We seems to make our self blind and deaf or ignore what it is in the bible or what is the commandment of God when we sin and we will continue to sin so we usually justify our sin by getting married, and the most common reason in our church today in a postolic faith, they will say after they fornicate or during their fornication and adultery, they will say " my god has forgiven me, my husband or wife has forgiven me, my children has forgiven me, my pastor has forgiven me, my church people has forgiven me and most of all I forgave my self... . " WOW!!!! everybody has forgiven you so you are so proud of your self to go out and say, I am free and I am not a siner anymore. so I can go on and be righteous for everybody and god has fogiven me. That is great, and it is a good reason to fornicate and commit adultery wrong again , becasue God is merciful? , and by his grace he will forgave our sin as long as we will ask for forgiveness and repent. But what is repentance? " Turning away from Sin? " Are we turning away if we cover up our sin by getting married? Is our sin really forgiven by God? What is that in the bible that say: you will be curse? Please let me know what verse in the bible that it say that for I forget what book and what verse?

So who ever plan to commit adultery, be an adult to know what are the conseguences that you will face. It will not hurt you now you might think you are bless this time but watch out, The bible did not lie and the commandment are still in full command to be followed.
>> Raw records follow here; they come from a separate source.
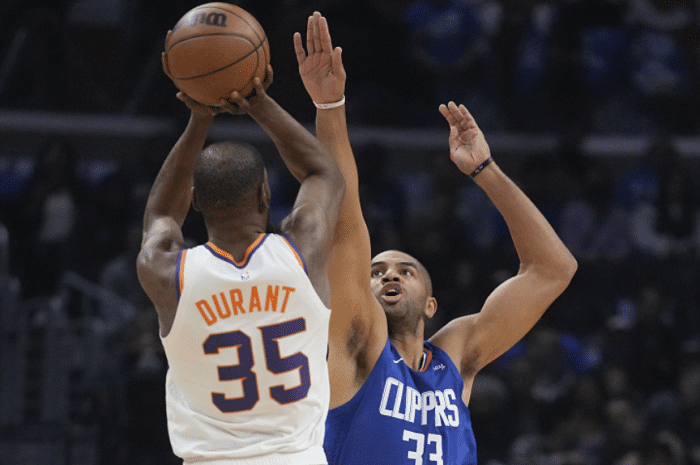 下半场,杜兰特和布克第三节带队领先到13分,快船继续追分,鲍威尔火力不减,威少爆发单节独砍15分,对飚杜兰特太精彩,不过太阳火力太猛,太阳单节40-34一直占上风,杜布单节合砍21分,布克单节又拿13分。
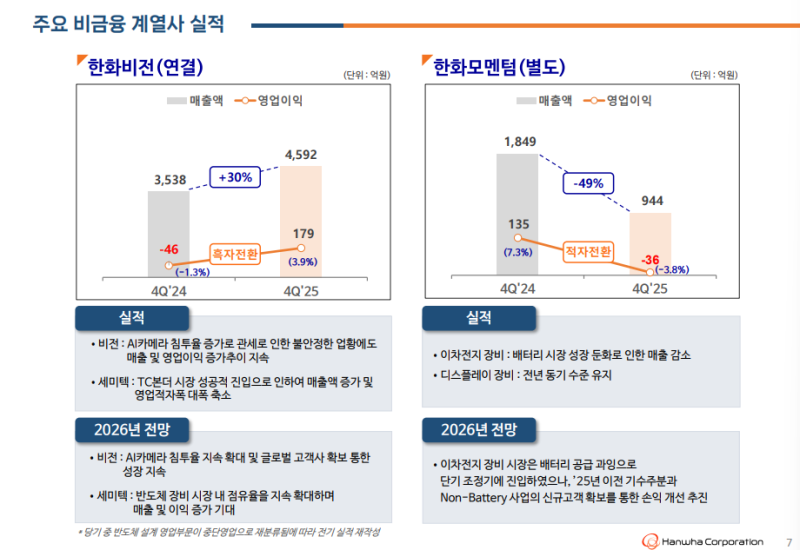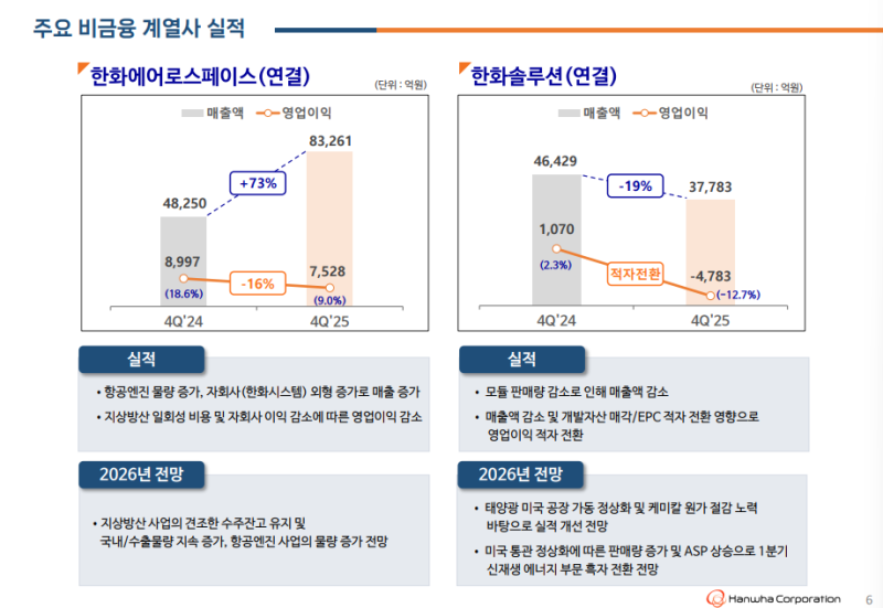 • 2026년 비금융 부문 한화에어로스페이스 지상 방산 및 항공 엔진 사업, 한화오션 상선 사업 중심 견조한 성장 전망
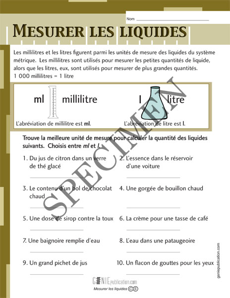 L'élève doit déterminer avec quelle unité de mesure entre le litre et le millilitre il serait préférable de calculer différentes quantités de liquides.
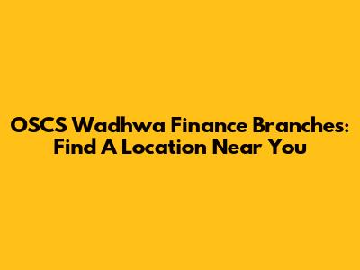 OSCS Wadhwa Finance Branches: Find A Location Near You
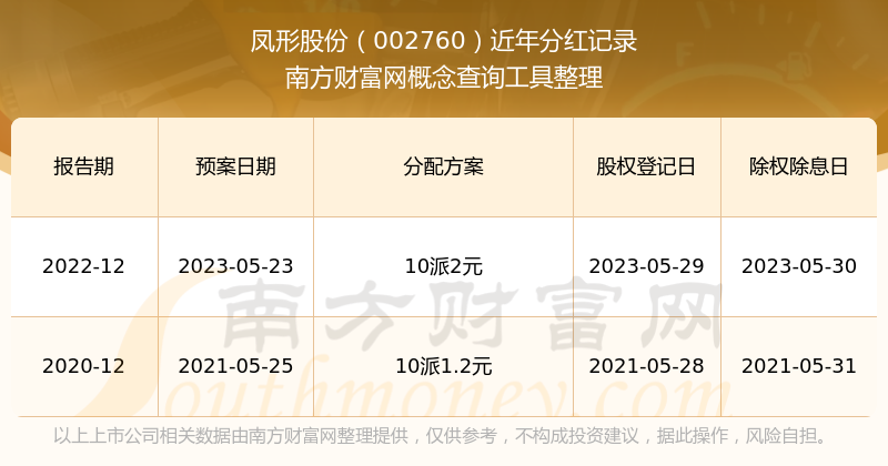 鳳形股份最新一次公布的分紅方案為10派2元。本次權(quán)益分派股權(quán)登記日為2023年5月29日,除權(quán)除息日為2023年5月30日,派息日為2023年5月30日。
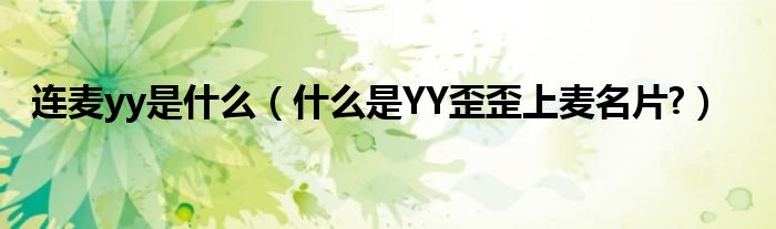 大家好,今天小悦来为大家解答以上问题。连麦yy是什么,什么是YY歪歪上麦名片?很多人还不知道,现在让我们一起来看看吧!

People abuse the mercy of God has given us, and usually we use it ti justify our sin.

For married people , think and repent before it is too late, and for the unmarried, stay pure and clean untill god will bless you with your soul mate.


By the way, Soul mate is not giving your money to your partner or sharing crime or covering up sin and crime, or it is not slavering someone. It is your soul partner, in spirit and in your heart.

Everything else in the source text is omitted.